Cholinergic dysfunction is strongly implicated in dystonia pathophysiology. Previously (Pappas et al., 2015;4:e08352), we reported that Dlx5/6-Cre mediated forebrain deletion of the DYT1 dystonia protein torsinA (Dlx-CKO) causes abnormal twisting and selective degeneration of dorsal striatal cholinergic interneurons (ChI) (Pappas et al., 2015). A central question raised by that work is whether the ChI loss is cell autonomous or requires torsinA loss from neurons synaptically connected to ChIs. Here, we addressed this question by using ChAT-Cre mice to conditionally delete torsinA from cholinergic neurons (‘ChAT-CKO’). ChAT-CKO mice phenocopy the Dlx-CKO phenotype of selective dorsal striatal ChI loss and identify an essential requirement for torsinA in brainstem and spinal cholinergic neurons. ChAT-CKO mice are tremulous, weak, and exhibit trunk twisting and postural abnormalities. These findings are the first to demonstrate a cell autonomous requirement for torsinA in specific populations of cholinergic neurons, strengthening the connection between torsinA, cholinergic dysfunction and dystonia pathophysiology.

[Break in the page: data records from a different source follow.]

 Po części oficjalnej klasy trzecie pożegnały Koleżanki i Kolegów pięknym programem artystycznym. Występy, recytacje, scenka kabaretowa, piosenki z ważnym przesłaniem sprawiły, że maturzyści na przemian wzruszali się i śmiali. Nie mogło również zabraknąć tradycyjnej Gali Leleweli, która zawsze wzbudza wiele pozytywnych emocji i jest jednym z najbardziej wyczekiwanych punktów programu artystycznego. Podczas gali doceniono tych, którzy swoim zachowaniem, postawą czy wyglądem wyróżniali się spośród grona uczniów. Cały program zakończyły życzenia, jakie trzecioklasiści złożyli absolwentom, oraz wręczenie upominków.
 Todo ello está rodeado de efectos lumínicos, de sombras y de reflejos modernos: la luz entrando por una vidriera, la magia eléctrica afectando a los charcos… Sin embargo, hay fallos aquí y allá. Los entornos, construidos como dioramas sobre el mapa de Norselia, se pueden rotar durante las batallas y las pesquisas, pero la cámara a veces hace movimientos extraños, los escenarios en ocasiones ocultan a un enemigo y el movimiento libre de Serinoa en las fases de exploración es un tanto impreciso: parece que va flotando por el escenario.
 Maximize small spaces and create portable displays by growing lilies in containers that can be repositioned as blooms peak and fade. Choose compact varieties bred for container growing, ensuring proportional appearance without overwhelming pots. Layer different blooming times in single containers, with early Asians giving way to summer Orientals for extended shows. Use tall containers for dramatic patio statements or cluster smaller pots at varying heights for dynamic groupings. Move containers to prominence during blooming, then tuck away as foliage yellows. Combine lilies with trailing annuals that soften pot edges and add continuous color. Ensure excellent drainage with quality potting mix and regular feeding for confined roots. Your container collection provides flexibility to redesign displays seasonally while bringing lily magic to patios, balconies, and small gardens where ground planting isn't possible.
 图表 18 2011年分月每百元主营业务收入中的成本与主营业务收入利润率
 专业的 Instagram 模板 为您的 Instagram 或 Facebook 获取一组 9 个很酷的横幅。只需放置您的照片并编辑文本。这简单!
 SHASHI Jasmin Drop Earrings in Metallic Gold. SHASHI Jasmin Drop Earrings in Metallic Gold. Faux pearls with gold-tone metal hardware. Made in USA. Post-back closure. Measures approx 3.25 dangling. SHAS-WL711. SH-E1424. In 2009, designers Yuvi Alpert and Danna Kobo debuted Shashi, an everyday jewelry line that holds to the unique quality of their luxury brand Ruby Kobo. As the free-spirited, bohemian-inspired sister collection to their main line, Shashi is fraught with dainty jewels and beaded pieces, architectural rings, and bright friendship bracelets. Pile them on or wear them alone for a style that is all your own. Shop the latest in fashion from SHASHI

Forebrain knock-out of torsinA reduces striatal free-water and impairs whole-brain functional connectivity in a symptomatic mouse model of DYT1 dystonia

Multiple lines of evidence implicate striatal dysfunction in the pathogenesis of dystonia, including in DYT1, a common inherited form of the disease. The impact of striatal dysfunction on connected motor circuits and their interaction with other brain regions is poorly understood. Conditional knock-out (cKO) of the DYT1 protein torsinA from forebrain cholinergic and GABAergic neurons creates a symptomatic model that recapitulates many characteristics of DYT1 dystonia, including the developmental onset of overt twisting movements that are responsive to antimuscarinic drugs. We performed diffusion MRI and resting-state functional MRI on cKO mice of either sex to define abnormalities of diffusivity and functional connectivity in cortical, subcortical, and cerebellar networks. The striatum was the only region to exhibit an abnormality of diffusivity, indicating a selective microstructural deficit in cKO mice. The striatum of cKO mice exhibited widespread increases in functional connectivity with somatosensory cortex, thalamus, vermis, cerebellar cortex and nuclei, and brainstem. The current study provides the first in vivo support that direct pathological insult to forebrain torsinA in a symptomatic mouse model of DYT1 dystonia can engage genetically normal hindbrain regions into an aberrant connectivity network. These findings have important implications for the assignment of a causative region in CNS disease.